**HOW TO COMPLETE THIS TASK**. Below are records; say how many of their lines include the word "growth", giving nothing but the number.

··· MATERIALS PROVIDED

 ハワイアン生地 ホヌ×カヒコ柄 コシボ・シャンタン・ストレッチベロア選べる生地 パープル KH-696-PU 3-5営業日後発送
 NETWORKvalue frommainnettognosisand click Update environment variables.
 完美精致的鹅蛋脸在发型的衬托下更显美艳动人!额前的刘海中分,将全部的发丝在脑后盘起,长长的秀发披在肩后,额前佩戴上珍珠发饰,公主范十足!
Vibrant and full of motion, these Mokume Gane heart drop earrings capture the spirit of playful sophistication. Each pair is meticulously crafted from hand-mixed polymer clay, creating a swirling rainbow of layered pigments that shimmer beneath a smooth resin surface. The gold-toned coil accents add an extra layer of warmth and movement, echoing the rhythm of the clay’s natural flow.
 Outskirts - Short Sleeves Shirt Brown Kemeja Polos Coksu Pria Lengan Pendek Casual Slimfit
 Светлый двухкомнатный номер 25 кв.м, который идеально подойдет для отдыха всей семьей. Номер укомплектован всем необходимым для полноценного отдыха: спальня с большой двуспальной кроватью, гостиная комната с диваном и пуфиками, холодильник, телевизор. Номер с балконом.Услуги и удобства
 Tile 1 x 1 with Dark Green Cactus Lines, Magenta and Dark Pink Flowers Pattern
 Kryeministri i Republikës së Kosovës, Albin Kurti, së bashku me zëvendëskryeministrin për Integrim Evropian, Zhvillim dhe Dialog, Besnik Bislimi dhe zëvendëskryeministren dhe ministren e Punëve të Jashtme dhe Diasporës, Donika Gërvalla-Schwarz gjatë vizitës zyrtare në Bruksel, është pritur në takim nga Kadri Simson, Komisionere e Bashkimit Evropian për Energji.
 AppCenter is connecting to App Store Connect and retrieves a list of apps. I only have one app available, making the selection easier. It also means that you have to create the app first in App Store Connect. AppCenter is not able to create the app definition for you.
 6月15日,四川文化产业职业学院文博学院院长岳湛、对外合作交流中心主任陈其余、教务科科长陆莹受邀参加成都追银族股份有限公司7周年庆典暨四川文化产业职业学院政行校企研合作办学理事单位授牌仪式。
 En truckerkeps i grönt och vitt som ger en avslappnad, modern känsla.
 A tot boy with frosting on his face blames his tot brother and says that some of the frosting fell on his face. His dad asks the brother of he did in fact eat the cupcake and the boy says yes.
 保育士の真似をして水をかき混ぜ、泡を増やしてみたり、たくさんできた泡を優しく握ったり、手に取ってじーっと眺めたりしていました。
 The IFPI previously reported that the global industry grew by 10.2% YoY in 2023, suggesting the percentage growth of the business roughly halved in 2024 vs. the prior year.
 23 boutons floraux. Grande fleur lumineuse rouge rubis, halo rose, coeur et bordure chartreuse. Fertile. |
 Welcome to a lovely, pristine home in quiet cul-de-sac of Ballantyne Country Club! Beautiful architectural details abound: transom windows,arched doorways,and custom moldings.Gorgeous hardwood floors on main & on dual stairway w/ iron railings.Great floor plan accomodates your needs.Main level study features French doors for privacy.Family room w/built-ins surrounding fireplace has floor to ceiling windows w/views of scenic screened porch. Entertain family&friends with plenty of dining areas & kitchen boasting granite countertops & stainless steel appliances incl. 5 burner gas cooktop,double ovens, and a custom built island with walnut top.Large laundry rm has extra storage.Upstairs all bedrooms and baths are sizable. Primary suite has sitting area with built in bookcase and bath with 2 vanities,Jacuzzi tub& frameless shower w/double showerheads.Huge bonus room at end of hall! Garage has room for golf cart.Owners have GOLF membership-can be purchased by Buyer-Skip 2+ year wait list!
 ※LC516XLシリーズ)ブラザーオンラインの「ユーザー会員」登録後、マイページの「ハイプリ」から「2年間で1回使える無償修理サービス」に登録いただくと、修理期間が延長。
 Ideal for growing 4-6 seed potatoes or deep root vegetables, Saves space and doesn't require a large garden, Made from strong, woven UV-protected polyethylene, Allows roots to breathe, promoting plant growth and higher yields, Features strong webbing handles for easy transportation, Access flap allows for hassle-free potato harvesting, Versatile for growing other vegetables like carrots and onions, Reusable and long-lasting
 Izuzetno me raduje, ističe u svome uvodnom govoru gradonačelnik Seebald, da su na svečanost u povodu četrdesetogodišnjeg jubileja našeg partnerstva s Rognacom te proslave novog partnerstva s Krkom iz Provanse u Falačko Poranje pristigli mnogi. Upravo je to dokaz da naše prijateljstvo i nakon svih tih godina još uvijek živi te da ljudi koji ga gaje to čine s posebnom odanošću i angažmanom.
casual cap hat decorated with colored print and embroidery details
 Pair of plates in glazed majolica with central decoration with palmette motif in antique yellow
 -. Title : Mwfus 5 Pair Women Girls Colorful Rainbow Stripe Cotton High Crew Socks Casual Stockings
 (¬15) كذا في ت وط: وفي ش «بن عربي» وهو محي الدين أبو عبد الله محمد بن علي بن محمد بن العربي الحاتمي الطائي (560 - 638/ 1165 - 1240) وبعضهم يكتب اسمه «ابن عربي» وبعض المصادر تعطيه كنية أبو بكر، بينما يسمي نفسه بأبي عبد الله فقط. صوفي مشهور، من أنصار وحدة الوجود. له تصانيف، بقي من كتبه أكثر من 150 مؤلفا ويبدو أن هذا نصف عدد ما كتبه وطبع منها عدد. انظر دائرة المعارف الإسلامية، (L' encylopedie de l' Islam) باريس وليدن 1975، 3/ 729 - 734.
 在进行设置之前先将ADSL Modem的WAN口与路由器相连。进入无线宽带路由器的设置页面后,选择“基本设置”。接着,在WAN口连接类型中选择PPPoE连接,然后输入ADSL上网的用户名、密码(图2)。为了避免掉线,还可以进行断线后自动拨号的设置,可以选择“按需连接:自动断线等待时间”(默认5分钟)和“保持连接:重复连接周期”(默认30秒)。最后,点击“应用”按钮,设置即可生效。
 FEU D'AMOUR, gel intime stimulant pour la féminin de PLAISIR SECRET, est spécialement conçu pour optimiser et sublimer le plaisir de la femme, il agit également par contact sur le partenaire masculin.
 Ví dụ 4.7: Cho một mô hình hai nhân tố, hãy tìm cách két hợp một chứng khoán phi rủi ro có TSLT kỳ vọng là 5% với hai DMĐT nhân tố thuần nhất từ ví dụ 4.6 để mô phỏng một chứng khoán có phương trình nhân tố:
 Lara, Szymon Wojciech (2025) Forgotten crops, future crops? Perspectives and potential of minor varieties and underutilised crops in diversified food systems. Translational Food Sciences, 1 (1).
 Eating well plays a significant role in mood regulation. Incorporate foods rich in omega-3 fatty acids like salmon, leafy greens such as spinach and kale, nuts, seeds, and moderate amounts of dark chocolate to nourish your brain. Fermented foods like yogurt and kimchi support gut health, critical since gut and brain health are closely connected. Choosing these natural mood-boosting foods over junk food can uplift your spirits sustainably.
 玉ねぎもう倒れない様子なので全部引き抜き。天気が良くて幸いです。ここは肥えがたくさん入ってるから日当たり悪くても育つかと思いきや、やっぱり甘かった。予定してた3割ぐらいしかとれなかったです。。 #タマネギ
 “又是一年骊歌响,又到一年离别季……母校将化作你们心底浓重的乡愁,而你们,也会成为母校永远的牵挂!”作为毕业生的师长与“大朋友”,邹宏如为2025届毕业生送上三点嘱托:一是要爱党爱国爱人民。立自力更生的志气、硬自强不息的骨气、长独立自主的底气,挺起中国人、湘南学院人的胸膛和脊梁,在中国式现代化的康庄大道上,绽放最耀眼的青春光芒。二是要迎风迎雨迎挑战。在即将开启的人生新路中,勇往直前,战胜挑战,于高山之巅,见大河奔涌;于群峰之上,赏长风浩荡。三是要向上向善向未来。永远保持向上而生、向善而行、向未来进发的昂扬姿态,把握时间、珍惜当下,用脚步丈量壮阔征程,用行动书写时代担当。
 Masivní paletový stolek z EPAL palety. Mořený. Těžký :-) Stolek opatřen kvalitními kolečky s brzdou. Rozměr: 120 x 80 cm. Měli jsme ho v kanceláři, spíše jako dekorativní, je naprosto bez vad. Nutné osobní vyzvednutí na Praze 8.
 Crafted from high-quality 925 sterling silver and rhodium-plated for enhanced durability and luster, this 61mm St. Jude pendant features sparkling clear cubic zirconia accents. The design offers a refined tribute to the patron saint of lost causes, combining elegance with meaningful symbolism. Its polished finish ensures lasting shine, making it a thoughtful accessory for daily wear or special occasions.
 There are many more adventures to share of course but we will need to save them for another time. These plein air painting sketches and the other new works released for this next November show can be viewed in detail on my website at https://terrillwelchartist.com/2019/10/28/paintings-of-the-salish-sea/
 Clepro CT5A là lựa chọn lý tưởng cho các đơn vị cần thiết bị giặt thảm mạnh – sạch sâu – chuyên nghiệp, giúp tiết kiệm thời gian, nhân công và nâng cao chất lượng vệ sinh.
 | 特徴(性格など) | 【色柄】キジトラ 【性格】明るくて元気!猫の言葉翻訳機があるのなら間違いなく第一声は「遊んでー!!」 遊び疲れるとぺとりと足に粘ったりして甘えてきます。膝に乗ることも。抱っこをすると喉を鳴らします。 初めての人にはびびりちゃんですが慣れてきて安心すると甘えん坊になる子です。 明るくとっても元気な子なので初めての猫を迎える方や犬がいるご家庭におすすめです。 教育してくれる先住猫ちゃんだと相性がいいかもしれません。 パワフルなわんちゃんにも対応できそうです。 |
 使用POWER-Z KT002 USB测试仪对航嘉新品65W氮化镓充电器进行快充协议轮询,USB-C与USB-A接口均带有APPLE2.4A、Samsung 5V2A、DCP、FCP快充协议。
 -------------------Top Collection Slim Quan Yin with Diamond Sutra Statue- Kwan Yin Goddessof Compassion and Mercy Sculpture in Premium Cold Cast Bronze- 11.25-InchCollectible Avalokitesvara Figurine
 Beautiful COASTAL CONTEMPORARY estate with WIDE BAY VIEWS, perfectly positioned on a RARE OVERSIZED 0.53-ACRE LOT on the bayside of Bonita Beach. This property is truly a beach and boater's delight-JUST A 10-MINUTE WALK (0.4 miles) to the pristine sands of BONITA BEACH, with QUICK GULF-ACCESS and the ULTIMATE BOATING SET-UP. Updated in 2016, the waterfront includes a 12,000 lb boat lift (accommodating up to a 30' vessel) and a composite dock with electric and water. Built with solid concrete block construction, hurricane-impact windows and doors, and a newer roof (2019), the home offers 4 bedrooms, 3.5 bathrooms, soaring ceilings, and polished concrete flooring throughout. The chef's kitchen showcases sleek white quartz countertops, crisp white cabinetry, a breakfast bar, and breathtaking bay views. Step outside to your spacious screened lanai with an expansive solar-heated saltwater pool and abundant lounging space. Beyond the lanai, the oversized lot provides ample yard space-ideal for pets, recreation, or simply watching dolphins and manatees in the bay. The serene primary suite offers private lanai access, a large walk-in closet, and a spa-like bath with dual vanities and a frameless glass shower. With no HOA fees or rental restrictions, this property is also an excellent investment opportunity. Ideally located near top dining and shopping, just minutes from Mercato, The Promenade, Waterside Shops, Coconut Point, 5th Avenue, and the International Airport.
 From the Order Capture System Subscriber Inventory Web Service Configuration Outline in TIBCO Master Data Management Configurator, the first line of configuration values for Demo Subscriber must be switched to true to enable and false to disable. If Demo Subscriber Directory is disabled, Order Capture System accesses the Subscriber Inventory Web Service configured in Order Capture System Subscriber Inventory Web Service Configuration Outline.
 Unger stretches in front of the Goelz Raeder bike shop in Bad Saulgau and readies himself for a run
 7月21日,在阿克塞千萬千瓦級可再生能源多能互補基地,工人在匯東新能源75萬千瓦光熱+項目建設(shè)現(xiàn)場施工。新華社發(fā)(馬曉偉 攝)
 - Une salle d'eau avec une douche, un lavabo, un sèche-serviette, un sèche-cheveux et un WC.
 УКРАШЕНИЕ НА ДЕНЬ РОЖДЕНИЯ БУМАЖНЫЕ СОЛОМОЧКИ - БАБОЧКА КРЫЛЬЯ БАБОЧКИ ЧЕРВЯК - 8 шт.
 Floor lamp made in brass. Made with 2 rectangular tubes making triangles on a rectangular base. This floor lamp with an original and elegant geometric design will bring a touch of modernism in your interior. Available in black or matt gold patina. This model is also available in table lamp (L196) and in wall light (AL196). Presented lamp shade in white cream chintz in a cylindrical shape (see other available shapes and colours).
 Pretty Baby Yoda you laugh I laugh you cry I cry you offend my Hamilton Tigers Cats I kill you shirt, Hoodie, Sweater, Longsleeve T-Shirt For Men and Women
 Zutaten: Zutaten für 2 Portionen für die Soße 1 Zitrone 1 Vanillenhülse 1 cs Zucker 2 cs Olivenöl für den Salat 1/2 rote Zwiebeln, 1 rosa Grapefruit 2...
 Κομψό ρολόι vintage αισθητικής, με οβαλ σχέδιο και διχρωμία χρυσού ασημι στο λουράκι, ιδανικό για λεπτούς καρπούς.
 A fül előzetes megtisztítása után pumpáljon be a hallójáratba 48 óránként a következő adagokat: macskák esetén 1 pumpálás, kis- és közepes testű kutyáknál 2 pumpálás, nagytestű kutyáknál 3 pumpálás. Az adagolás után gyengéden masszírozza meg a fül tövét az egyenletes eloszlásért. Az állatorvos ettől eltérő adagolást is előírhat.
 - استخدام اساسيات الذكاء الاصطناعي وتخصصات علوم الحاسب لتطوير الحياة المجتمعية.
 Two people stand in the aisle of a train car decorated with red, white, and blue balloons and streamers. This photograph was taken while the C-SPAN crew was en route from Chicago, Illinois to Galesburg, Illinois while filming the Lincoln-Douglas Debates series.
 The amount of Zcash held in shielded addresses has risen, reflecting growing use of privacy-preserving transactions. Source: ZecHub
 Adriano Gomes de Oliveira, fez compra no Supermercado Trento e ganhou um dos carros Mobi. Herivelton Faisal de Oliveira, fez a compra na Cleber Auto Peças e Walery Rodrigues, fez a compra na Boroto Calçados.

······

**SOLUTION TO THE EXERCISE**. 2